IV. Although this law is radical and inexorable, THERE IS NOTHING UNIFORM AS TO TIMES AND MODES. There is endless variety. It may be by love or fear, with difficulty or ease, etc. It follows the lines of our individuality, and is suitable to our circumstances.

V. THIS GREAT CHANGE IS VERY BLESSED. Why should it be regarded as a stern necessity? It is a glorious privilege. It is described as seeing or entering a kingdom of which God is King; as being born again into the family of which God is Father. Philosophy tells me to think again and be wiser, and I think till my brain is giddy. Morality tells me I must act again and be better, and I whip my conscience, but make little way. Philanthrophy tells me to feel again with quicker sympathy. But in that I fail. Priesthood and priestcraft tell me that I must pray, etc., again. Yes! but the burden of it. Jesus tells me I must be born again. That is gospel for me.

(A. Raleigh, D. D.)


1. Not a ritual or ceremonial change. Outward washing cannot confer inward grace. The spirit birth is necessary for admission into the spiritual kingdom.

2. Not morality. Good citizenship, honesty, integrity, natural affection, may elevate and bless this human life; but more is necessary to qualify for saintly and Divine fellowship in the upper world.

3. Not self-culture.

4. Regeneration is coming into the Divine realm, into the spiritual kingdom, into right relations with God and heaven, through Jesus Christ. It is a new life, above the senses, above the earthly, above the material. It is the faith faculty. No more aliens, but children.


1. The direct witness of the Holy Ghost.

2. The conjoint testimony of our own spirit. My consciousness affirms the fact.

3. The predominance of grace. The new government is supreme. The renewed soul stands ready for orders.

4. There will be difficulty in sinning. The new nature shrinks from sin as a tender and sensitive plant shrinks ,from the north wind's blast.

5. There will be affinity for God. Fellowship with Father and Son.

6. There will be Christian joy and comfort. The rapture of a soul rescued from sin and hell, and adopted into God's family.

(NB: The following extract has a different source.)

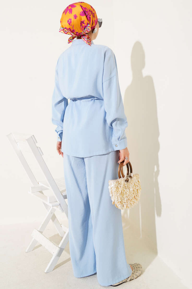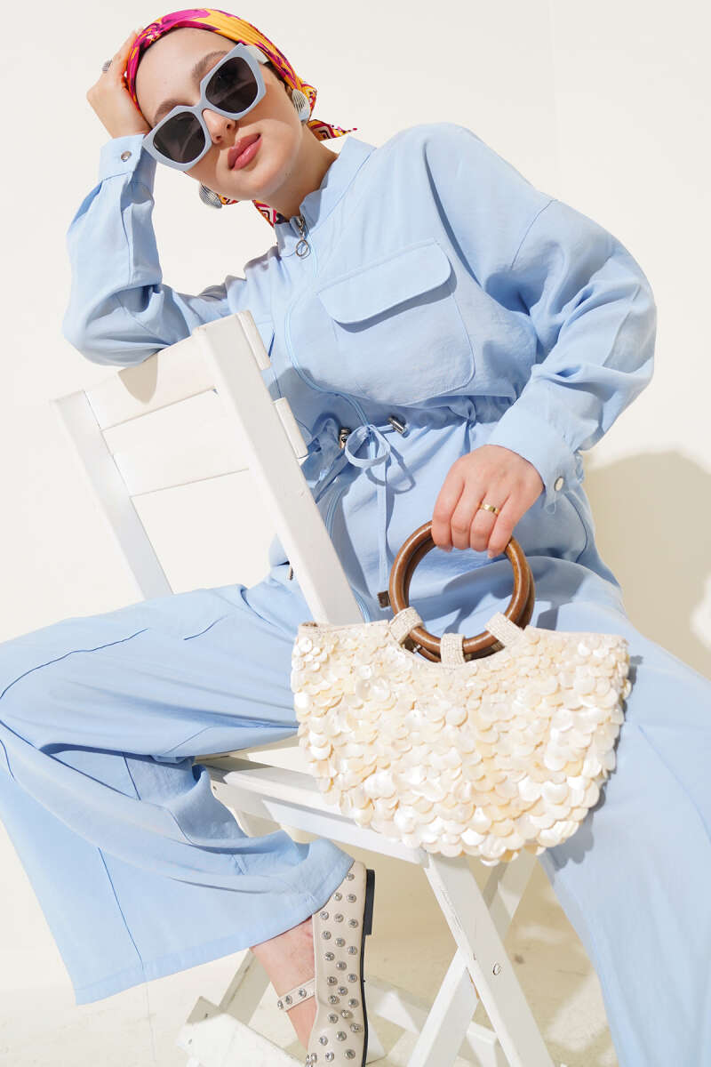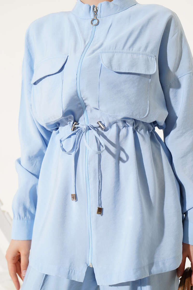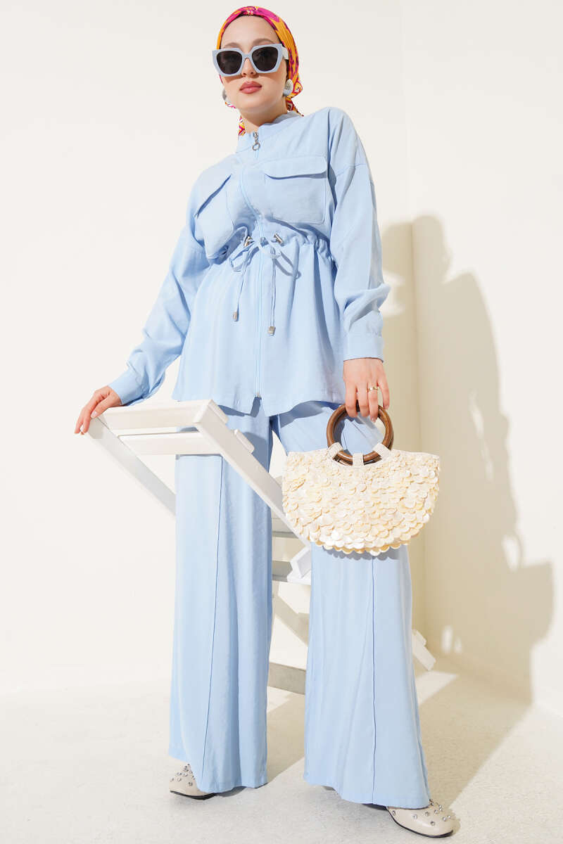 Fermuarlı Beli Tünelli İkili Takım Bebe Mavi

III. THE NECESSITY OF REGENERATION. Spiritual life is an essential condition for the spiritual kingdom. Without it you can have no vital union with God, and no knowledge of the spiritual life. What would you do in heaven with an unregenerated nature? A stranger in a strange land; a beggar amid bounty; blind amid beauty; deaf amid waves of song; hungry, yet with no taste for heavenly joys — you would be out of place there.